Another predictable fiasco came in the Pureora
Forest, near Taupo, New Zealand, last October, where the
Department of Conservation air-dropped 564 metric tons of carrot
shreds laced with the deadly poison Compound 1080, in
hopes of exterminating Australian possums. Introduced to New
Zealand by fur trappers, the possums are blamed for allegedly
damaging bird habitat and preying on the eggs and chicks of
some endangered species, such as the kokako. The air drop
supposedly did kill 95% of the possums and Norway rats at the
site, but also wiped out half the native robins and tomtits.
Surviving possums have become so poison-shy, regardless of
what bait is used, that the NZ/DOC is now sponsoring studies
to find a new luring technique. NZ/DOC science director John
Holloway insists that endangered birds including the kokako,
morepork, kaka, blue duck, weka, and kiwi were unharmed,
and will yet benefit.
The NZ/DOC was more careful in poisoning mice on
Mokoia Island, first removing 32 endangered wekas. Two
wekas died during five months in captivity. The survivors were
returned to the island, where they were introduced about 40
years ago, last December 6.
The poisoning began after NZ/DOC staff at the
Rimutaka Forest Park saw an increase in tui and native pigeons,
and the arrival of the first native falcon in 20 years, after an
unusually cold winter depressed possum numbers. Killing possums
and stoats is also credited with helping the mohua, or yellowhead,
to achieve a modest recovery on Mount Stokes, from
just 10 birds when resdiscovered on the mountain 12 years ago,
to about 30 now.
While some birds and mammals are
killed on behalf of other birds, birds are also
killed wholesale on purported behalf of fish.
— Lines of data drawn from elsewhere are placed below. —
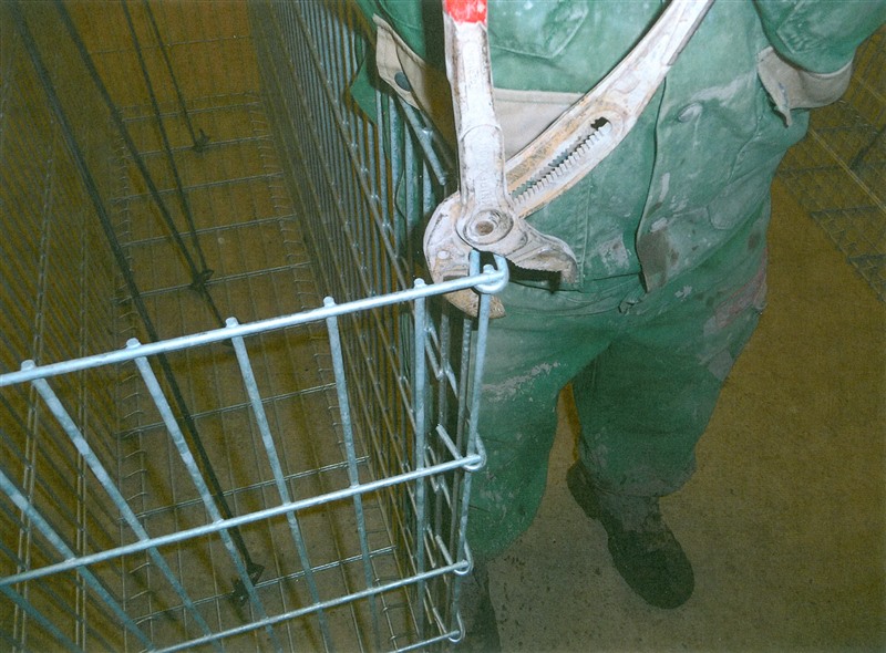 Die Geiger Kanaltechnik GmbH & Co. KG fertigt im Werk Oberstdorf Metallkörbe für die Aufnahme von Natursteinen, sogenannte Gabionen. Die einzelnen Seiten-, Boden- und Deckelelemente werden mit Metallklammern verbunden. Die Klammern werden mit Zangen manuell zusammengedrückt. Dies erfordert hohen Kraftaufwand, der häufige, krankheitsbedingte Ausfälle zur Folge hatte. Eine neue Presszange soll die Arbeit erleichtern.
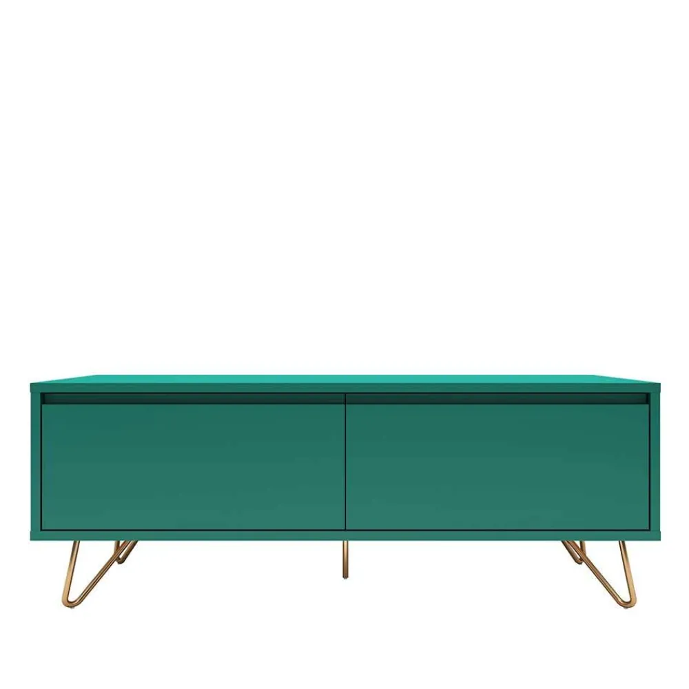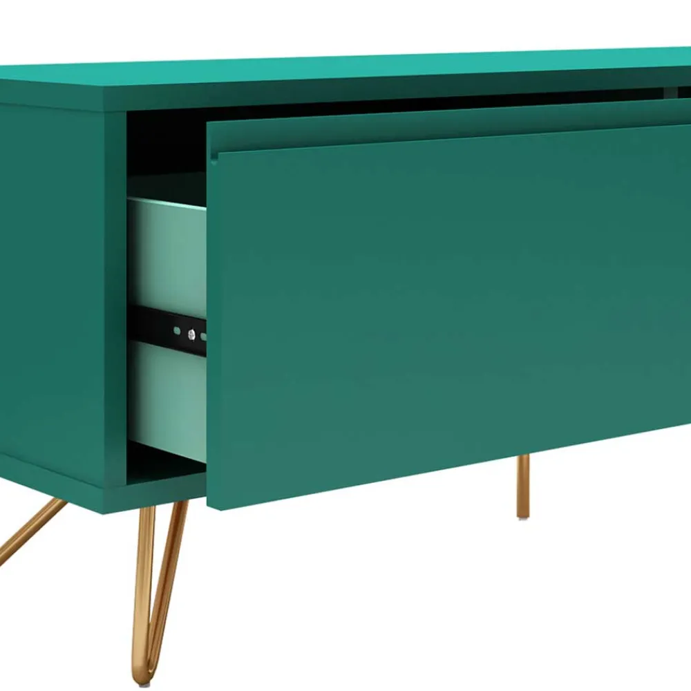 Die grifflose Optik, erzielt durch ausgefräste Griffmulden, verleiht dem Möbelstück eine moderne, puristische Anmutung. Stilvoll abgerundet wird das Design durch das Fußgestell in Bügelform, gefertigt aus Metall mit einer goldfarbenen Messinglegierung, welches einen ansprechenden Kontrast zum grünen Korpus bildet.
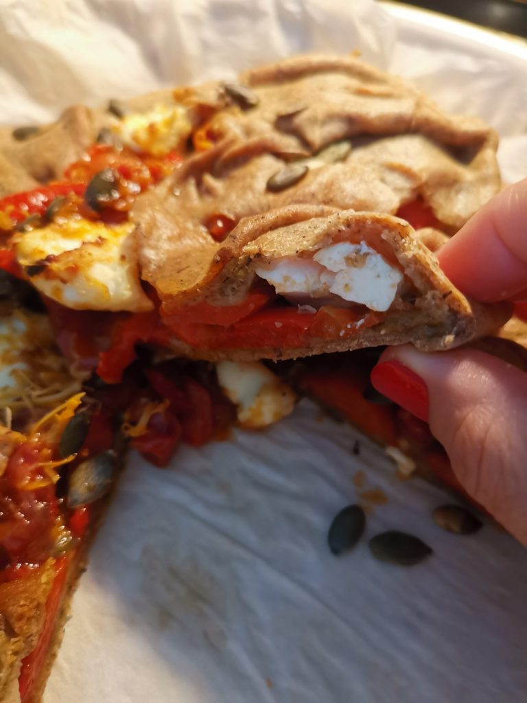 Neste ponto, dobre as bordas para dentro da torta e polvilhe com parmesão e, se gostar, algumas sementes. Usei sementes de abóbora. Embora pequenas, elas oferecem muitos benefícios para nosso corpo. No final da receita, adicionarei algumas informações adicionais sobre seu uso e consumo.
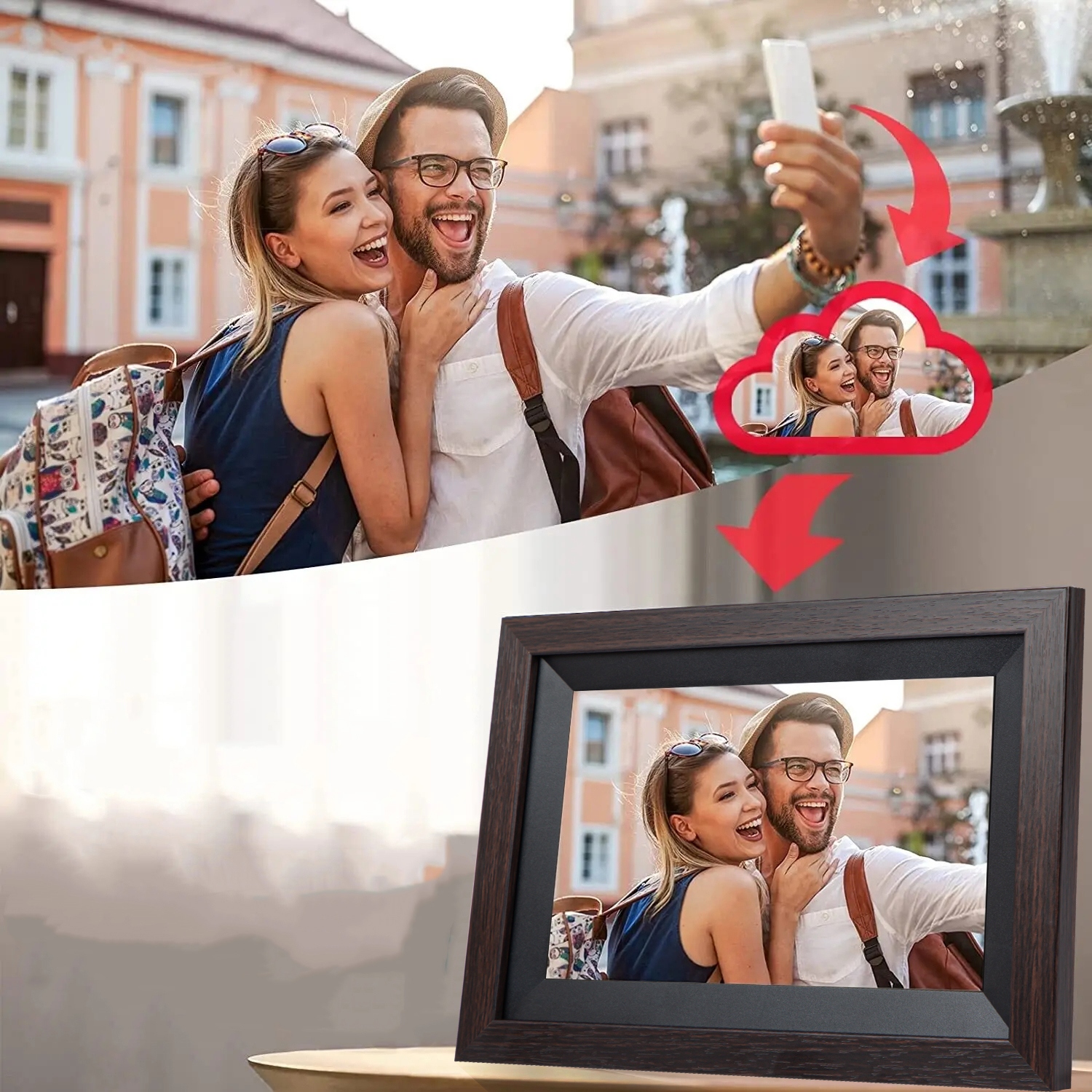 Цифровая рама 10 дюйма для фотографий скорость-Speeder Music WiFi Frameo Wooden Frameo

Cormorants are especially often blamed for
declining fisheries, since they often find fish
where humans can’t, and habitually eat their
catch in plain view. The European Commission
is now drafting a proposal to rescind the protection
cormorants received in 1979 under Annex I
of the European Directive on the Conservation of
Wild Birds. Cormorants would retain protection
in Britain under the 1981 Wildlife and
Countryside Act––which does, however, permit
some licensed culling.
“Permission is rarely granted, and then
only for small numbers of birds,” according to
London Times countryside correspondent Michael
Hornsby.
Unmollified by Liverpool John Moores
University research that shows cormorants have
nothing to do with the decline of fish stocks,
British anglers are clamoring for cormorants to be
reclassified as “vermin,” with an open season.
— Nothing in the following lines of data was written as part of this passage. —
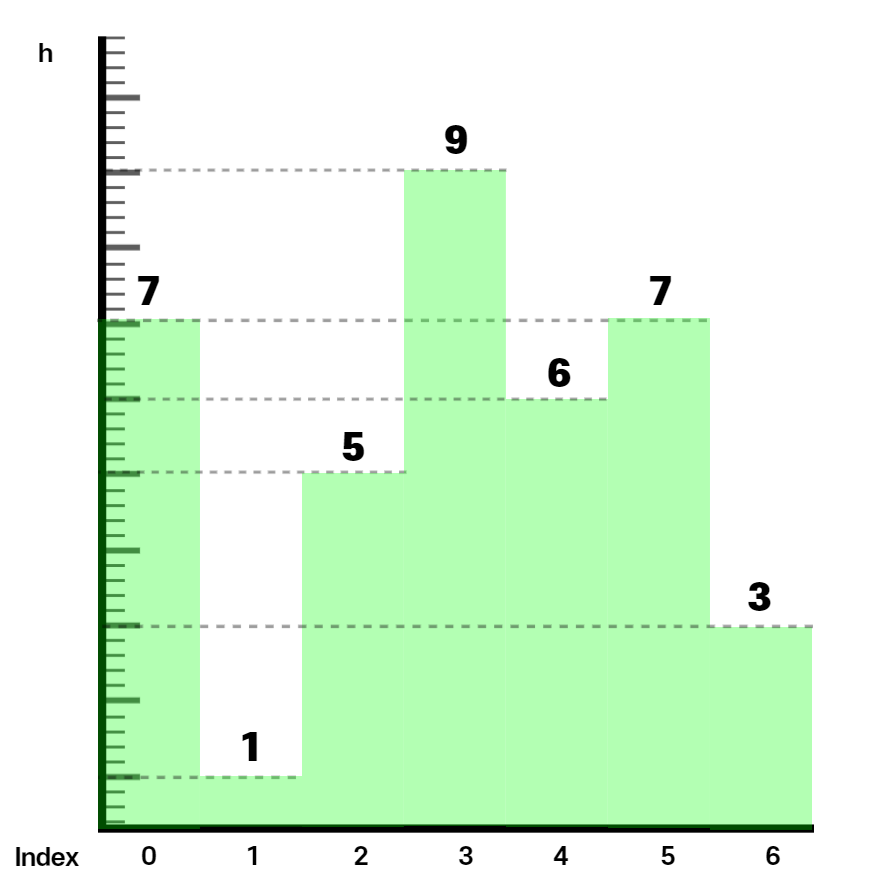 - 사각형의 왼쪽 끝과 오른쪽 끝은 i번 판자보다 낮은 판자들로 막혀있다.
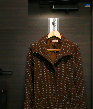 専用の磁石付のブラケットは、自由に洋服のを掛けておく位置も
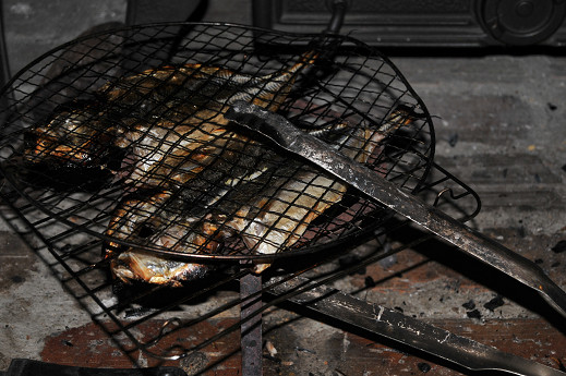 ひっくり返す時には金網をもう一枚使って魚の上にも乗せて金網でサンドイッチ状にして火バサミでつかんでまとめてひっくり返すと皮がはがれることなく、スムーズだ。炉内で魚を焼く場合には、煙が室内に出てくることもない。みんな煙突から抜けていく。終了後に、掃除も必要ない。炉内に落ちた油や汚れなども、そのまま薪と一緒に燃えてしまうのだ。手もかからず、とても美味しくできるので、ぜひとも挑戦したい薪ストーブ料理の一つだ。

Similar sentiments are evident in North America,
especially around the Great Lakes and the St.
Lawrence basin.
The Royal Society for the Protection of
Birds, while defending cormorants, is conspicuously
absent from efforts by Animal Concern of
Scotland to stop the annual slaughter of about
2,000 young gannets at Sula Sgheir rock, by 10
“men of Ness,” who are selected each year as an
honor by the villages of Lewis Island in the Outer
Hebrides. Carried on for 800 years, the killing was exempted
from the 1954 Protection of Birds Act, and is okay with the
RSPB, according to Caroline Davies of the London Daily
Telegraph, because “it is a tradition, it is not illegal, and is not
a conservation issue, as the gannet population is healthy and
rising.”
But it is politically and ethically difficult for conservationists
to make a case against animal killing for purported
economic or cultural reasons, if they condone and even encourage
mass killing themselves, either to benefit favored species
or because hunting license sales help fund their projects.
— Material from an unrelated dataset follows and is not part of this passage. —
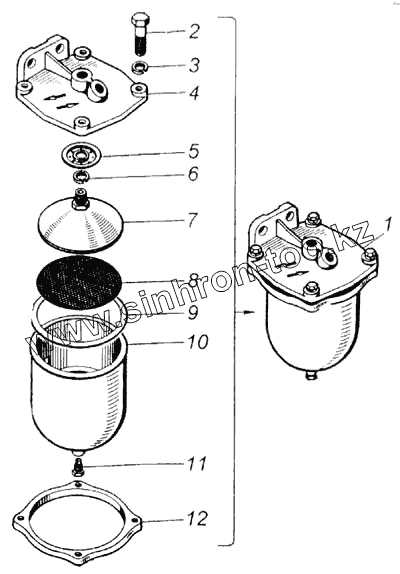Каталог запасных частей к технике: Камский автозавод 65115. Фильтр грубой очистки топлива в сборе

Taking a different approach, Gibralter Ornithological
and Natural History Society general secretary John Cortes is
leading an effort to introduce Spanish ravens and red foxes to
The Rock to control yellow-legged gulls, now estimated at
35,000 and rising, compared with a human population of
27,000. The ravens are close relatives of the crows killed in
South Africa. The red foxes are close relatives of those the
National Audubon Society wants the U.S. Fish and Wildlife
Service to annihilate wherever they prey upon piping plovers
and clapper rails. Cortes works on the theory, though, that
nature prefers a natural process to direct human intervention,
and that if human settlements weren’t in the way, the ravens
and foxes might be on The Rock already.